The HTTP Load Generator supports connecting to power analyzer daemons. The general idea behind the infrastructure is to connect to a network daemon that may run on a separate machine with the power analyzer. Unfortunately, most power analyzer daemons, such as the SPEC PTDaemon, have restrictive licenses, prohibiting their use with the HTTP Load Generator or preventing us from providing them to you.

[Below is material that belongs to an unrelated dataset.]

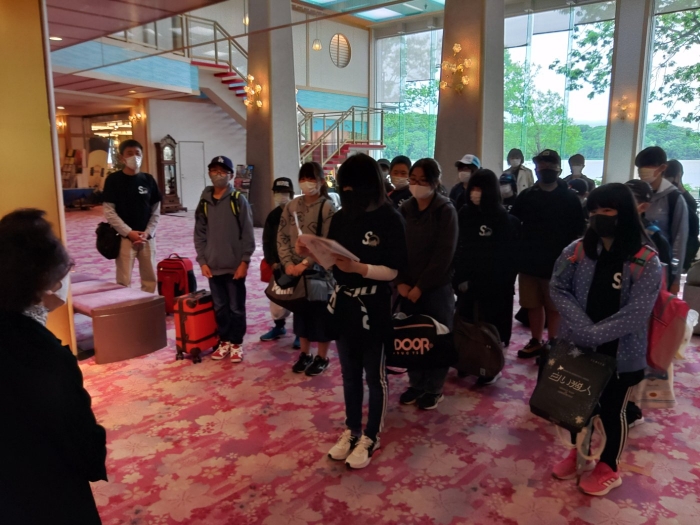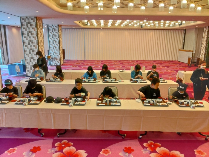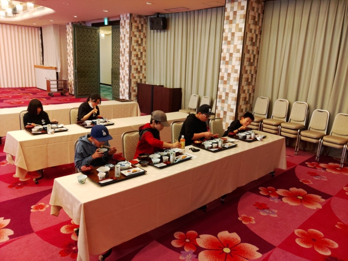 昨日の夕飯と同じ会場で、朝食をいただきました。鮭、海苔、納豆、卵、牛乳、、、これぞ日本の朝ごはんというメニューでした。

We provide a IPowerCommunicator interface in the tools.descartes.dlim.httploadgenerator.power package. Implement your own power daemon communicator against this interface. The HIOKICommunicator is a functioning reference implementation that supports ethernet-capable HIOKI power measurement devices. The TMCTLDCommunicator can be used as a further example implementation.
To start the HTTP Load Generator with your power communicator, add it to the classpath and then specify the fully quailified class name of your communicator using the -c switch of the HTTP Load Generator in director mode. Use the -p switch to specify the network address of your power daemon. You may enter multiple comma separated addresses. If you do, the director will instantiate a power communicator for each of those addresses and log its results in a separate column.
Example (with the power communicator compiled into the httploadgenerator.jar):
$ java -jar httploadgenerator.jar director --ip LOADGENIP --load myArrivalRates.csv -o myLog.csv -p PWRRDAEEMONIP:PWRDAEMONPORT -c my.fully.qualified.Classname --lua./http_calls.lua
Example (with the power communicator compiled into a separate jar):
$ java -cp "MYJAR.jar;httploadgenerator.jar" tools.descartes.dlim.httploadgenerator.runner.Main director --ip LOADGENIP --load myArrivalRates.csv -o myLog.csv -p PWRRDAEEMONIP:PWRDAEMONPORT -c my.fully.qualified.Classname --lua ./http_calls.lua
Use the -h
switch to show the help page:
Usage: java -jar httploadgenerator.jar COMMAND [<options>...]
HTTP load generator for varying load intensities.
-h, --help Display this help message.
Commands:
director Run in director mode.
loadgenerator Run in director mode.
Run java -jar httploadgenerator.jar director -h
for the director's help page:
Run in director mode.
Usage: java -jar httploadgenerator.jar director [<options>...]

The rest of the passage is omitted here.